EnteroBase Hierarchical clustering analysis at the HC2000 level (super-lineage) allowed us to easily determine the closest serovar to S. Welikade and thus to find the most suitable reference genome for SNP calling analysis. Moreover, submitting our genomes on EnteroBase enabled us to look at the population structure of S. Welikade, and to include 11 additional genomes from other countries in our analysis. Finally, the EnteroBase cgMLST and SNP analyses were found to be fast, user-friendly tools for outbreak clustering pre-investigations. Nevertheless, for dataset studied, SNP phylogenetic core-genome analysis carried out with an iVARCall2 workflow enabled finer clustering between strains and better calculation of genomic distances between genomes. SNP core-genome analysis revealed high genomic diversity among the S. Welikade strains analyzed. Two distinct groups were identified, genetically distant by an average of 2,273 SNPs. The S. Gaminara genome SA20063285, used as a reference, was genetically distant from the S. Welikade genomes in our dataset by an average of 3,195 SNPs.

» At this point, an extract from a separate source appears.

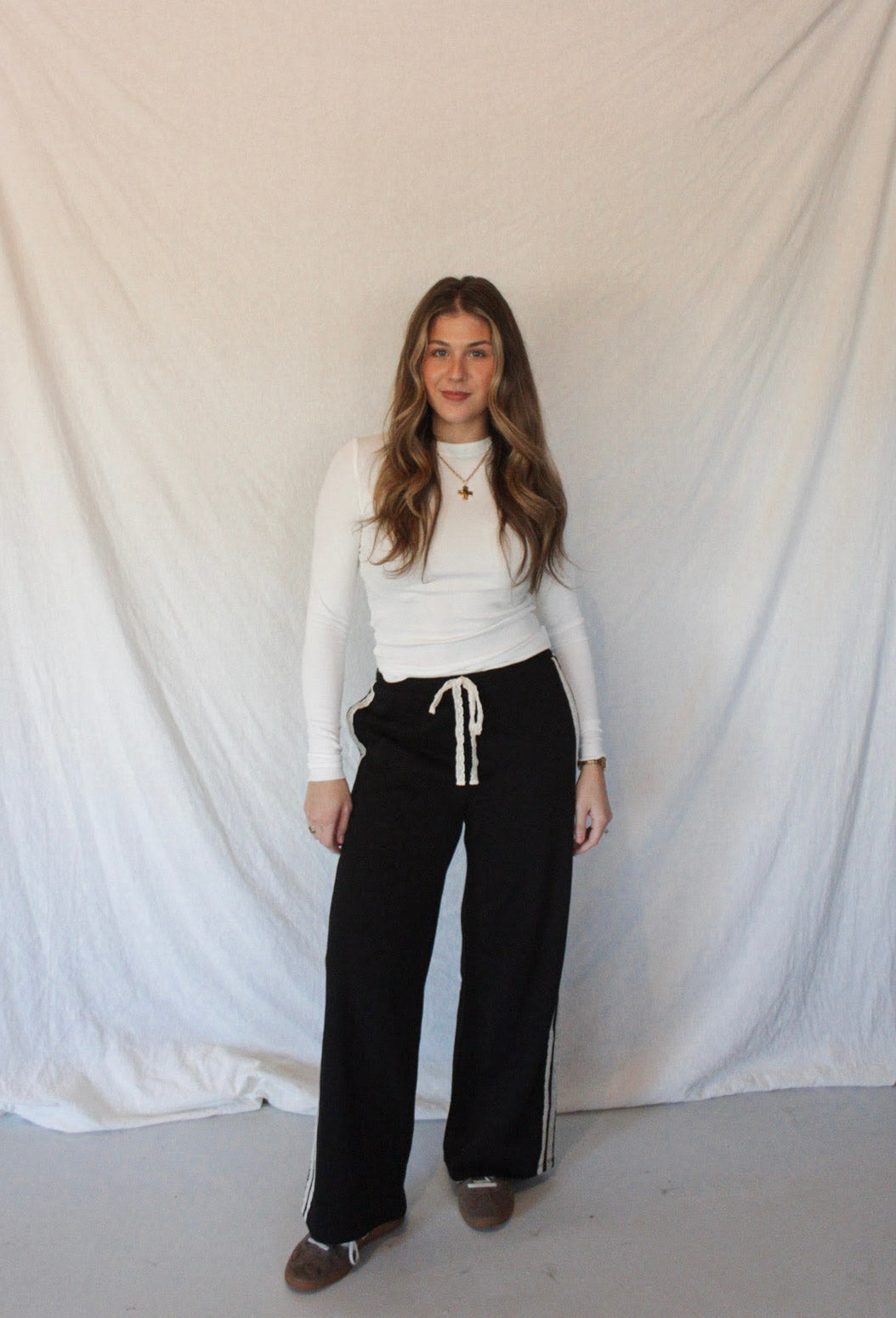 The Elsie Sweatpants bring a feminine touch to a sporty style. Featuring contrasting lace trim and drawstring waist, these lounge pants add texture to your typical outfit. Style with sneakers and a basic for an elevated sporty look.

Therefore, the S. Welikade phylogenetic core-genome analysis confirmed that the five strains isolated from patients in south-western France in 2016 were closely related to the two goat’s cheese strains, and revealed that two other human strains not recorded as part of the investigation (average of 16 SNPs, 4 SD) were also part of this outbreak. Interestingly, these other two human strains, 201,605,322 and 201,605,281, were also isolated in July 2016, the first from the Occitanie region (i.e. region where the outbreak was declared in summer 2016) and the second from the Provence-Alpes-Côtes-d'Azur, a region bordering the Occitanie. Moreover, all the strains isolated from the poultry sector (from animals and from feed) between 2014 and 2016 were genetically close (average of 4 SNPs, 2 SD). This result suggests a link between feed and poultry flocks, underlining the link between farm management and incidence of animal infection. Otherwise, one human case was related to them: human strain 201,703,470 isolated from a patient in 2017. Our genomic analysis made it possible to relate this human sporadic case to the poultry sector, even though further analyses would be needed to understand the links between this infection and the poultry strains.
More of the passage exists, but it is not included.